### Record set

-- Opening Marker --

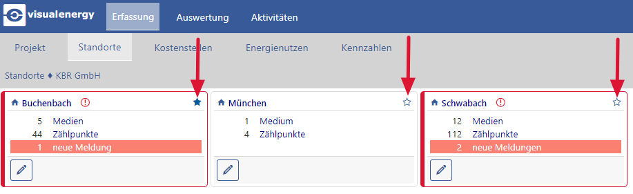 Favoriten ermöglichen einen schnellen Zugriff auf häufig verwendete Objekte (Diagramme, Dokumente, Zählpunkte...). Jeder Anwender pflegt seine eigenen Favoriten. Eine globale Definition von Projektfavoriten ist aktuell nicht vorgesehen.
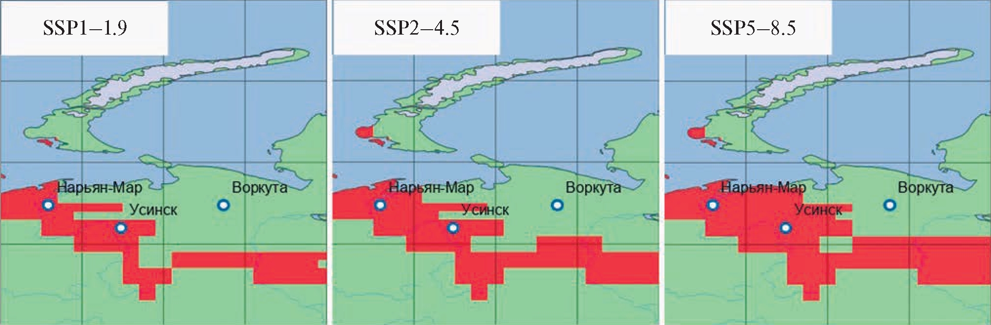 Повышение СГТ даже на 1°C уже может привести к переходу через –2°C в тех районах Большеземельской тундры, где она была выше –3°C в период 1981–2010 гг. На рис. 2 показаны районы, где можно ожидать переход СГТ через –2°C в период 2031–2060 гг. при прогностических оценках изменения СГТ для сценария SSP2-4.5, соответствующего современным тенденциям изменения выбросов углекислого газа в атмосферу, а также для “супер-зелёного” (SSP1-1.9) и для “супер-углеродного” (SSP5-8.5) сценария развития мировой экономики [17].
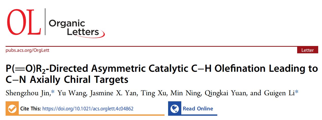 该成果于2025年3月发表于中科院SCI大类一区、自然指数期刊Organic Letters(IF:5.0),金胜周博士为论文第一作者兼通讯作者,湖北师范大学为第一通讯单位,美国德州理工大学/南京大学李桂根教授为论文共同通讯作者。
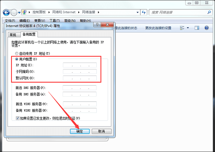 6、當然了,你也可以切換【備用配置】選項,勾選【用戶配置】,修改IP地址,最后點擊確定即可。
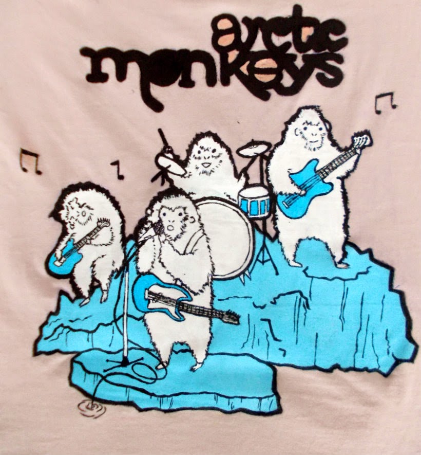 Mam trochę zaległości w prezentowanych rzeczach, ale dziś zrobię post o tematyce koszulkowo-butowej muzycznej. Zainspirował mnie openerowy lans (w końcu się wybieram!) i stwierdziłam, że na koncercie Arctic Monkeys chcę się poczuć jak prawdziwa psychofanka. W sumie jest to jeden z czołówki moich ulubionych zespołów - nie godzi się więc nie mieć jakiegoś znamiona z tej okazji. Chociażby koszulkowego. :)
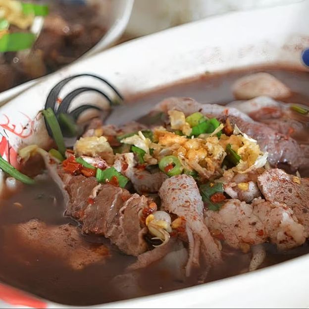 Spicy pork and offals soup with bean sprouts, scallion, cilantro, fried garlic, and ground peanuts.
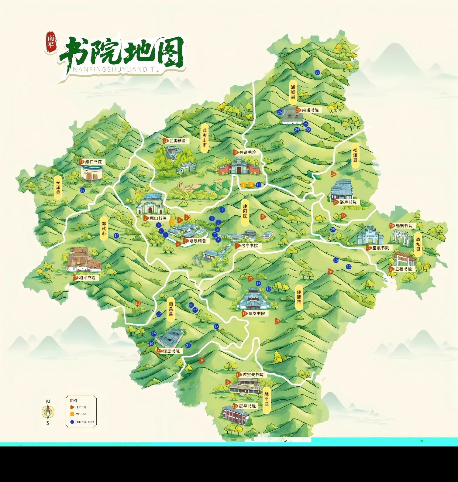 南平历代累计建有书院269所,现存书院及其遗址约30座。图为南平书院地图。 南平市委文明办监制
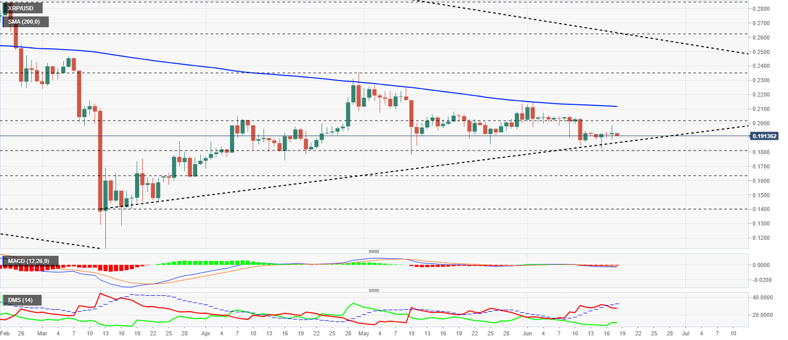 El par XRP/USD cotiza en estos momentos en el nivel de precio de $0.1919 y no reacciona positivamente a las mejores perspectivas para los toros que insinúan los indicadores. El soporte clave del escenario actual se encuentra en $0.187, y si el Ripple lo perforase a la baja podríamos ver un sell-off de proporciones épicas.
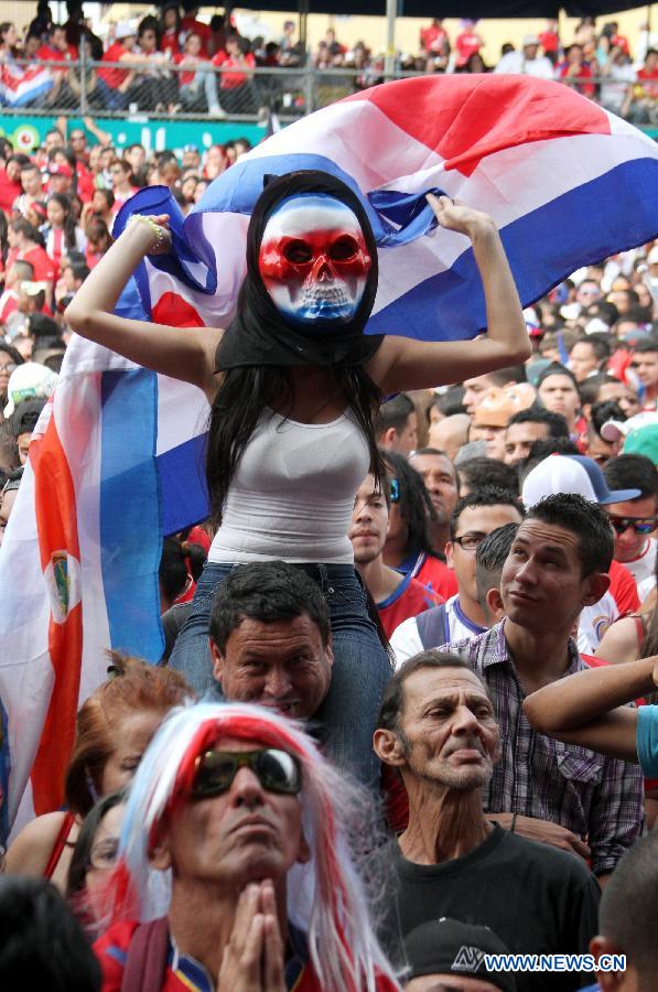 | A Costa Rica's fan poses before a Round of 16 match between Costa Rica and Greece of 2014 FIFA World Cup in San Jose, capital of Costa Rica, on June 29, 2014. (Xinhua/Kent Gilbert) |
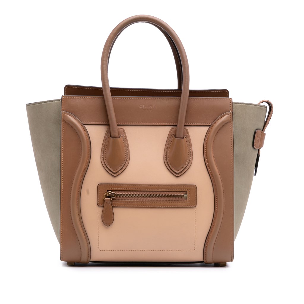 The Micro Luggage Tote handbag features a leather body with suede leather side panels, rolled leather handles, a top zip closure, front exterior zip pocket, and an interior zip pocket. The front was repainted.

-- Closing Marker --
-- Opening Marker --

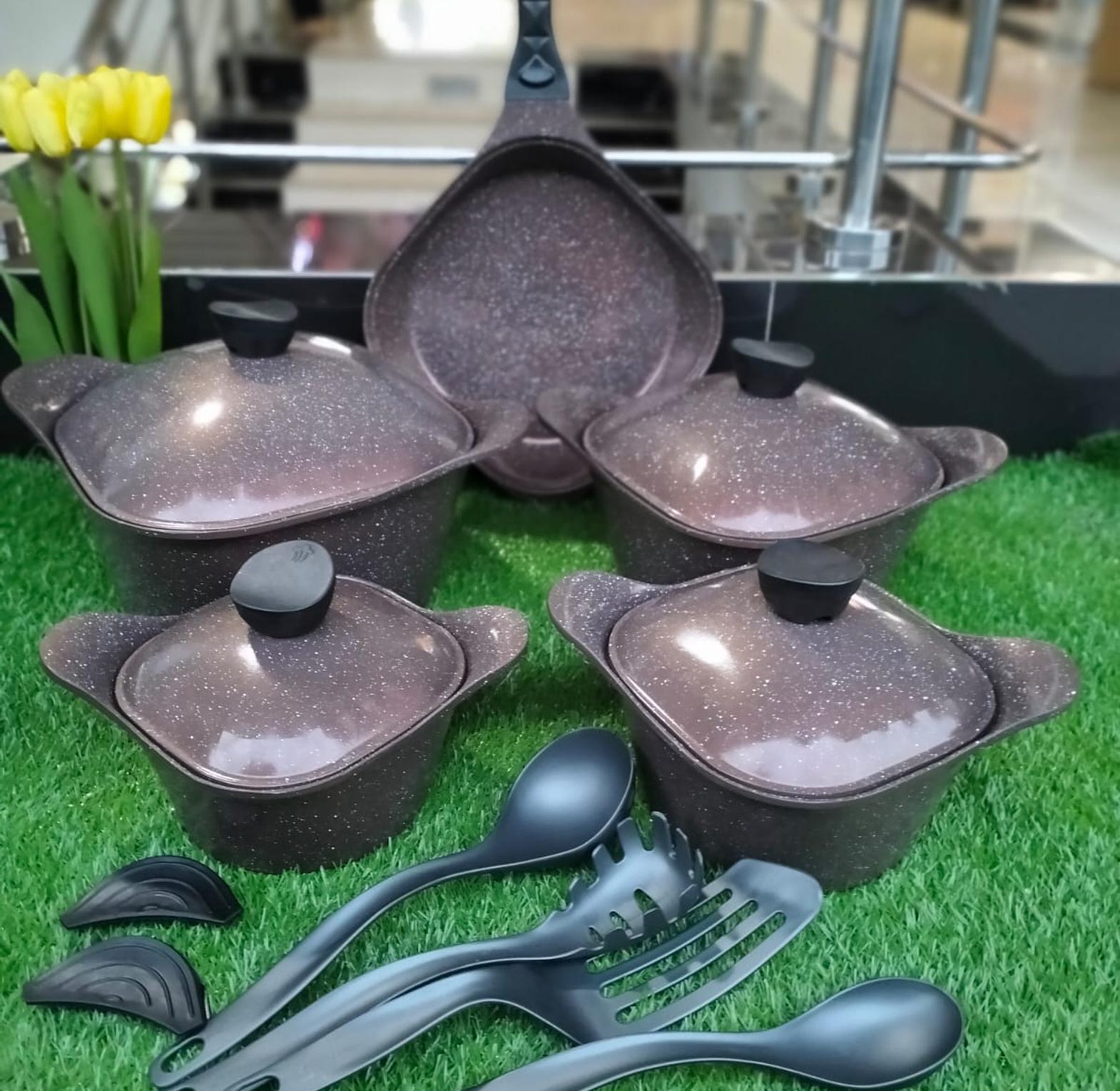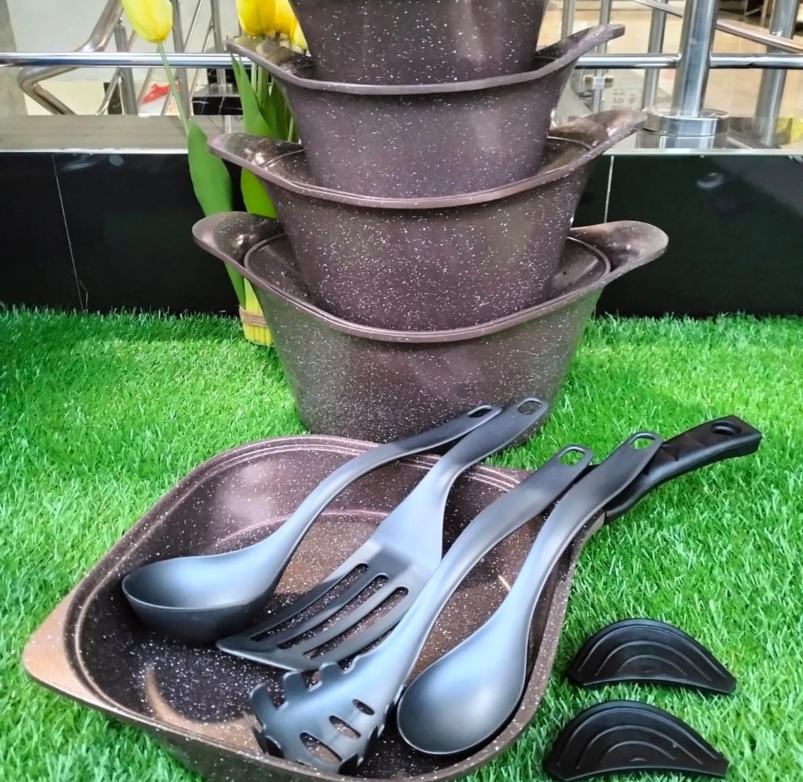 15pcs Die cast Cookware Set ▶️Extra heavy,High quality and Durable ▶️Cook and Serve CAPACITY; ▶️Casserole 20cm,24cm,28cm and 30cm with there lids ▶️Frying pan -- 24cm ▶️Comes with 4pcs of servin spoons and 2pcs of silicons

-- Closing Marker --

### What needs to be done
Beginning with the line holding "Повышение СГТ даже" in the material above, restate word for word each line through the line holding "6、當然了,你也可以切換【備", and exclude pictures.

### Expected output
 Повышение СГТ даже на 1°C уже может привести к переходу через –2°C в тех районах Большеземельской тундры, где она была выше –3°C в период 1981–2010 гг. На рис. 2 показаны районы, где можно ожидать переход СГТ через –2°C в период 2031–2060 гг. при прогностических оценках изменения СГТ для сценария SSP2-4.5, соответствующего современным тенденциям изменения выбросов углекислого газа в атмосферу, а также для “супер-зелёного” (SSP1-1.9) и для “супер-углеродного” (SSP5-8.5) сценария развития мировой экономики [17].
 该成果于2025年3月发表于中科院SCI大类一区、自然指数期刊Organic Letters(IF:5.0),金胜周博士为论文第一作者兼通讯作者,湖北师范大学为第一通讯单位,美国德州理工大学/南京大学李桂根教授为论文共同通讯作者。
 6、當然了,你也可以切換【備用配置】選項,勾選【用戶配置】,修改IP地址,最后點擊確定即可。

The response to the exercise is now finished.